Bringing Politics Back to the Fore

Let me just zoom in on the aforementioned speech form, quite an ample territory where storytelling and autobiography coexist. Leloup finds that house music’s speeches are often self-referential: they refer to the dance, the rhythm, the rapture induced by the music and the use of drugs, and sometimes their own history (ibid., 58). Although we cannot argue much against its hedonistic and ephemeral component (Reynolds 2013, 673–74), it seems that Leloup is ready to discount dance music’s very past here. I would point him to a recent article published on Mixmag by Patrick Hinton:

Vocal samples like «house is a feeling» may have become played out to the point of no return, but that doesn’t change the fact that this is the language of resistance, capturing the raw spirit of The Warehouse, the queer Chicago nightclub and refuge for oppressed minorities to safely express themselves that birthed the genre. (Hinton 2017)

It is with this starting point in mind that I decided to bring politics back to the fore in a recent house music track I produced, which features U.S. Congresswoman Alexandria Ocasio-Cortez’s rebuke of Donald Trump’s dismissive comment on her being a «young bartender» (Forrest 2019). A prominent figure amongst the Democrats and the youngest woman to ever be elected to Congress, she has quickly become famous for her rhetorical style (Gallucci 2019).

Sampling AOC

My music has been strongly influenced by the use of samples and, as many other fellow bedroom producers, my ears are often looking for interesting sound sources to manipulate. As my girlfriend was sitting in our previous, crammed shared accommodation in the suburbs of South London, and listening on repeat to that powerful speech by AOC (as she is often presented in the media), I thought it deserved a contour to frame it musically. Initially, her strong New York City twang inspired me to try to go down the hip hop alley,6 but as I listened to it over and over again, it occurred to me that house music would be my best sonical bet here.

Firing up my DAW7 and placing the tempo at the house music standard of 120 BPM (beats per minute), I realized that my intuition was right: the main part of the speech I sampled is thirty seconds long, making it perfect to sit in the «breakdown» of my composition (the drumless part of a club music track that is often used to prepare the listener for its subsequent, most energetic portion), with no further edit required.

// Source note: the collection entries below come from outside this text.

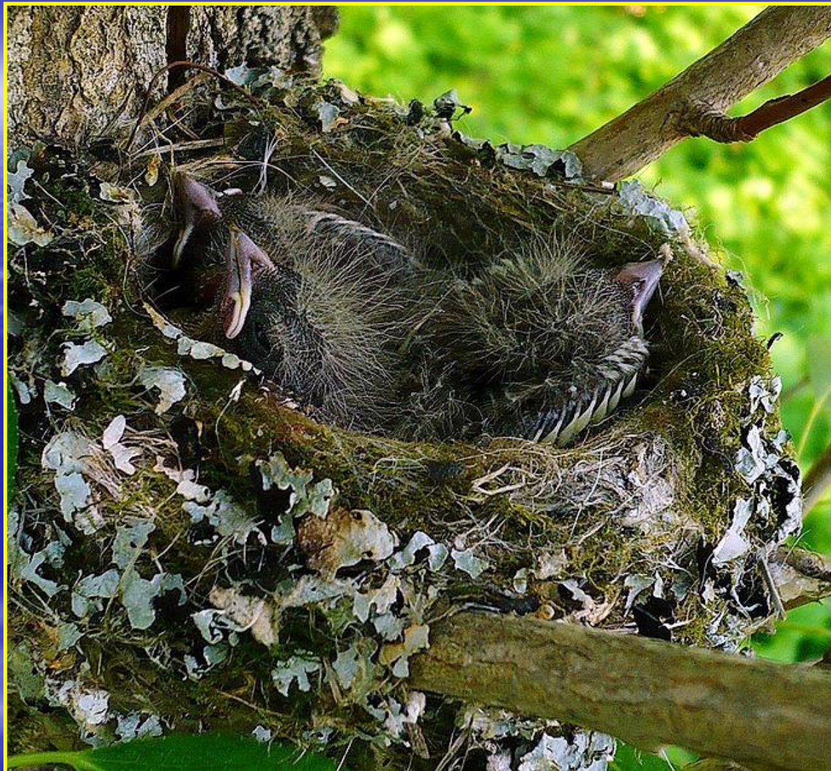
Рис. 4 Гнездо зяблика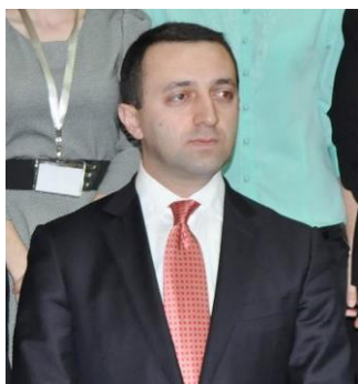
Irakli Garibašvili.

(EN) http://www.rferl.org/content/feature/25184812.html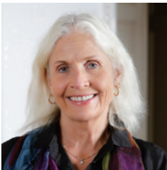
WONCA 前会長 (ノルウェー)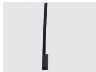
Extrémité cousue sous gaine de protection

«I’m proud to be a bartender, ain’t nothing wrong with that» says AOC in the first part of her speech, as she is met with cheering voices and other signs of approval in the audience (Russo 2019) that make the scene sound like a North American Sunday Service, another trope of house music spoken word. As Leloup reminds us, the tradition of the religious sermon or preach had quite an influence on the young generation of music producers that emerged in Chicago and Detroit at the end of the 1980s (see also this article of Norient’s «Sampling Politics» special). Channeled through his voice, the authoritative energy that emanates from the reverend can bring the community of devotees together: mutatis mutandis, it’s easy to see a similar dynamic at play between the DJ and the audience (Leloup 2017, 47).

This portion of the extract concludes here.